The command correctly estimates it, but it encounters problems with displaying the summary. Note that if you comment out the robust option the summary function works correctly!

Is there something I can do to overcome the problem?

jhelvy commented 2 years ago

I am almost certain that the issue is in how the ID variables are set. As it is currently written, the package needs IDs that are in sequentially increasing order, like 1,1,2,2,3,3, etc. The gaps in the IDs are probably the issue. You could test this by taking your demo dataset and over-writing the IDs with a sequentially ID, then see if it works. If that works, then we at least know the source of the problem.

This shouldn't be something that happens though in terms of how I would want the package to work. As long as the IDs are unique, being in a sequential order shouldn't matter, e.g. 1,1,8,8,13,13, should work just the same. So if that is indeed the problem, then I'll try to add a fix to make the package work even if the IDs have gaps.

Ales-G commented 2 years ago

I tried to follow your suggestion, but unfortunately it still gives the same error

data<- data %>%
  dplyr::group_by(id) %>%
  dplyr::mutate(group_id = cur_group_id())
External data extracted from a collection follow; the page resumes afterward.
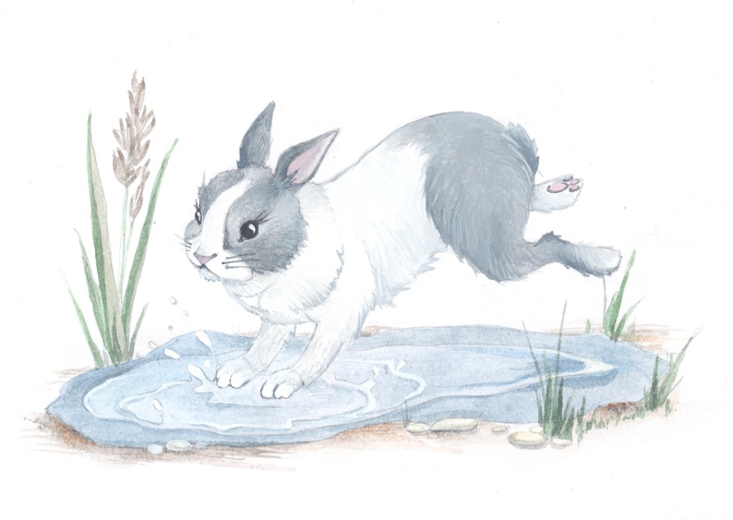 Только озабоченная женщина запустила палку под машину, как кролик выскочил из укромного убежища и резво запрыгал в сторону кустов. Передвигался он так быстро, что не заметил впереди большую лужу. Косой с разбегу прыгнул в неё – и замер от испуга. Бойкий попрыгунчик оцепенел, как будто крепко-накрепко приклеился к луже. Он никогда не видел в своей жизни столько воды и не знал, что ему дальше делать.
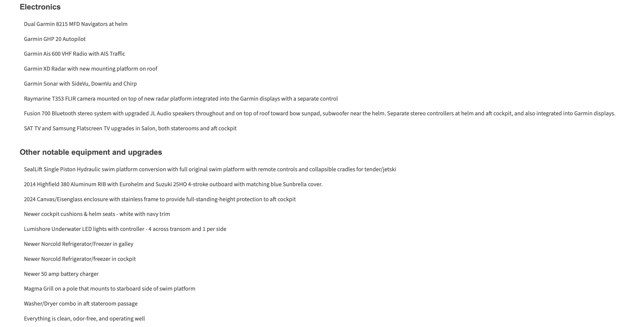 The current owners purchased the yacht in Florida in 2018, where they used it for a couple years and then brought it to Mystic, CT where it has been since. A marine mechanic in the family performs all routine maintenance including winterizing all systems, oil/filter changes in the fall with family members contributing to DIY ablative bottom paint/zincs, washing, waxing, etc… in the spring. The vessel has clearly been very-well cared for based on its overall cosmetic condition, all systems in good working well, and recent upgrades to keep things looking new.
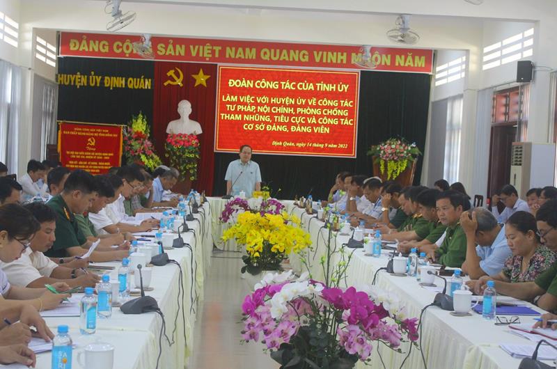 Ngày 14-9, Đoàn công tác do Phó Bí thư Tỉnh ủy, Trưởng đoàn Đại biểu Quốc hội tỉnh Quản Minh Cường làm trưởng đoàn đã có buổi làm việc với Huyện ủy Định Quán về công tác tư pháp, nội chính, phòng chống tham nhũng, tiêu cực và công tác cơ sở đảng, đảng viên.
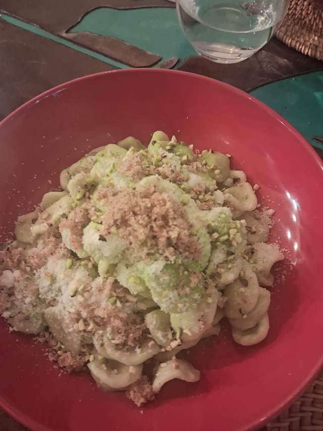 - Orecchiette crema di broccoli, granella di pistacchio e crumble alle erbe
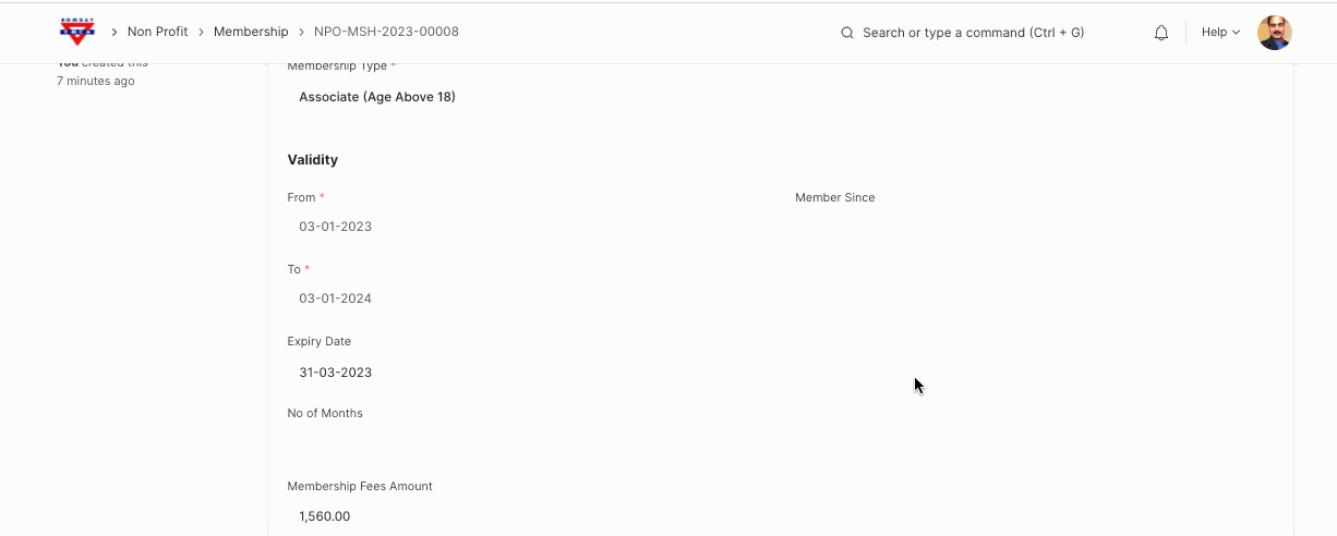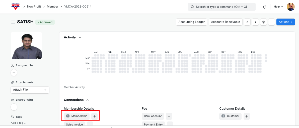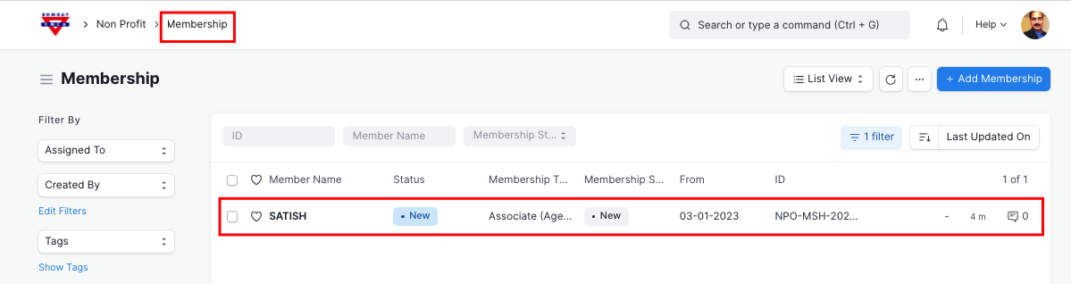 - After Member approval, "membership" record will be created in the background and it will be available for payment entry.

mnl_pref <- logitr::logitr(
  data           = data,
  outcome        = "choice",
  obsID          = "tskID",
  pars           = c("cost","var1","var2","var3"),
  panelID        = "group_id",
  robust         = T,
  numMultiStarts = 100)
summary(mnl_pref)
Error in rowsum.default(expV, group = obsID, reorder = FALSE) : 
  incorrect length for 'group'

Is it possible that it also relates to the fact that some individuals perform a different number of tasks?

jhelvy commented 2 years ago

I believe I have found the source of the issue. I am working to add better checks to all of the variable IDs while also addressing this bug.

jhelvy commented 2 years ago

Okay, I think this is now corrected. Can you install the latest version (0.7.2) from Github and test it for me?

# install.packages("remotes")
remotes::install_github("jhelvy/logitr")

The issue has persisted this whole time and it simply had to do with the particular case where a cluster had only one observation. In these instances, when computing the clustered standard errors the data had only one row and was no longer being stored as a matrix, so I had to coerce it back to a matrix for the math operations to correctly execute.

Ales-G commented 2 years ago

Thanks you very much. This is great! It works perfectly now!